Wed Jul 01 2020
I love Twitter. I think it's the best social media platform by far. Its user base is so funny, political, technical, and diverse that you can get thousands and thousands of different points of view on any given topic. Anyone can make an account, say exactly what they think about a particular subject and the masses can either agree, disagree, or just completely ignore what they have to say. And with all these different people sharing their thoughts, views, resources, and first-hand news, you get a truly unique experience on the web. The downside of course is with ease of access to the platform, there come some truly vitriolic and hateful views.
One of my favorite qualities about Twitter's user base, however, is that for the most part, the community will speak out against hate and injustice many times louder than the users who are spewing their hate.
All these differing views of the user base makes Twitter itself a phenomenal tool to gauge public opinion on any given topic.

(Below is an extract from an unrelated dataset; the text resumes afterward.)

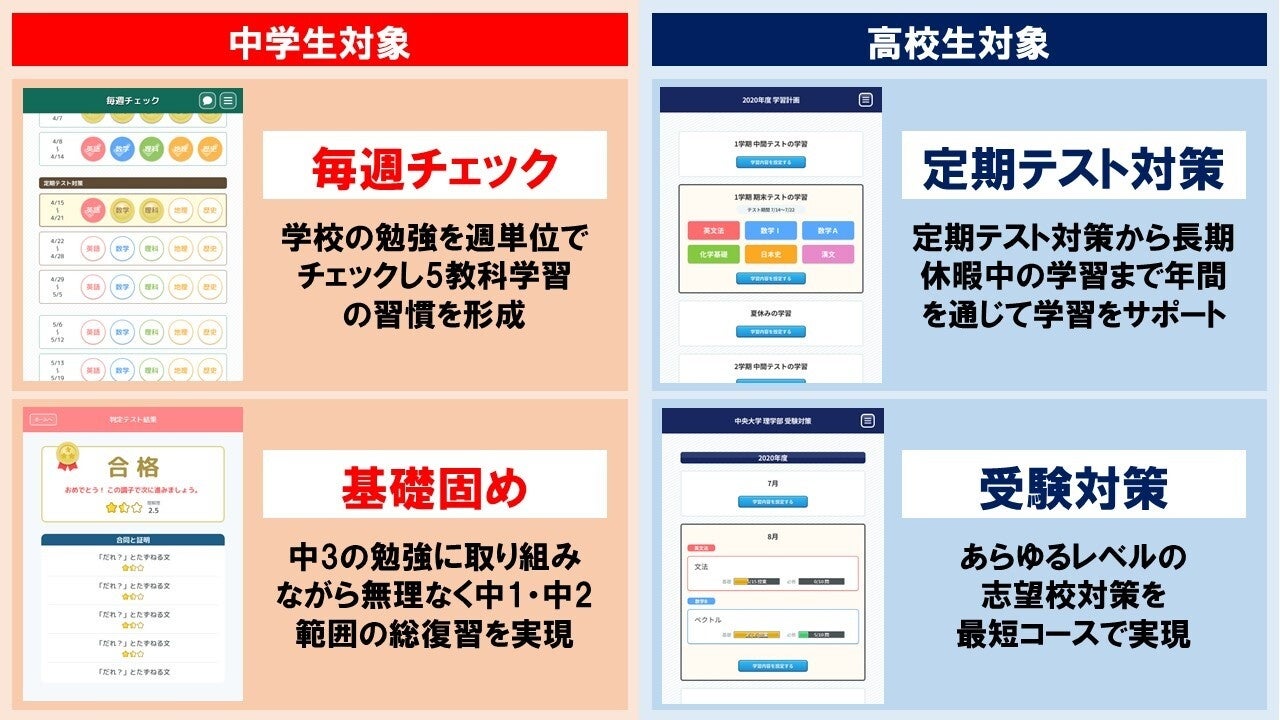 診断結果をもとに理解度に応じた学習法を提示。基本的な内容から見直す必要のある単元は、映像授業で丁寧に学習。ある程度理解できている単元は、「要点まとめ」でポイントを確認した後、練習問題にチャレンジできます。正確な診断結果をもとにレベルに合わせた学習法を提示してくれるため、無理なく無駄のない学習で最短での成績向上が望めます。

Just check the trending page to see what people are talking about today and you can get a decent idea of how the masses feel about politics, celebrities, media, or current events in general. However Twitter falls a bit short when trying to view overall sentiment and how the trends relate to each other. And becuase of this I decided to build a tool to make this data a bit easier to see, and enable people to use twitter to get a more concrete approximation of public opinion.

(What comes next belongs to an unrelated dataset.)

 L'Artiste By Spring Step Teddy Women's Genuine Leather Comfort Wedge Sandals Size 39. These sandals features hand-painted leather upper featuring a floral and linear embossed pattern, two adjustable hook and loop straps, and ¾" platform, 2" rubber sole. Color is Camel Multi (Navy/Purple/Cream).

I'm once again building this tool with Node.js because of it's wealth of great documentation, and because it's just what I'm most comfortable with. This project however could have been built in any server-side language.
So the first place to start here was getting access to Twitter's API in order to search for and analyze tweets. This process was mildly annoying as in order to get access to the API you need to fill out a form describing what exactly your app will be used for and a number of fields have a minimum character limit, so if your app has a relatively simple concept you'll need to fluff up your description to meet that limit.

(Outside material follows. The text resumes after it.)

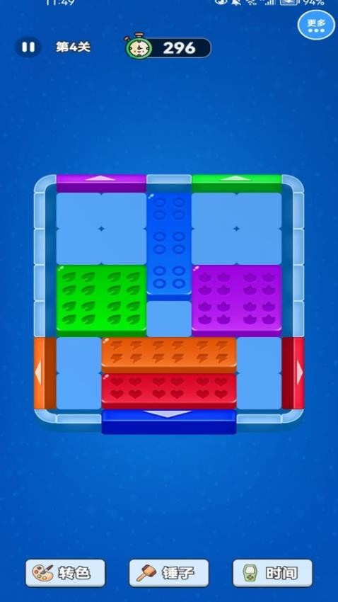 4、提供“颜色修改”与“锤子”两种关键道具,前者可临时改变一个方块的颜色以匹配缺口,后者能直接移除一个任意方块。

Once I got the app approved and received the API keys, setting up the Twitter side of this project actually turned out to be really easy. You can get a batch of 100 tweets (which is the max number of tweets you can get per request on their free API tier), by just running 1 function. I'm using the Twitter NPM package to connect to Twitter's API
const getTweets = (input = {}) => {
const options = {
...input,
tweet_mode: 'extended',
};
return new Promise((resolve, reject) => {
client.get('search/tweets.json', options, (err, tweets, response) => {
if (err) reject(err);
resolve(tweets);
});
});
};
So what I'm doing here is really just accepting the input object which will contain a search query, the count of how many tweets I want, and a tweet ID of where I want to start my search from. I'll get into why this last parameter is necessary a bit later. But then I'm just returning a promise which will resolve when we get a return from Twitter's .get method. This is what actually retrieves the tweets we want to work with.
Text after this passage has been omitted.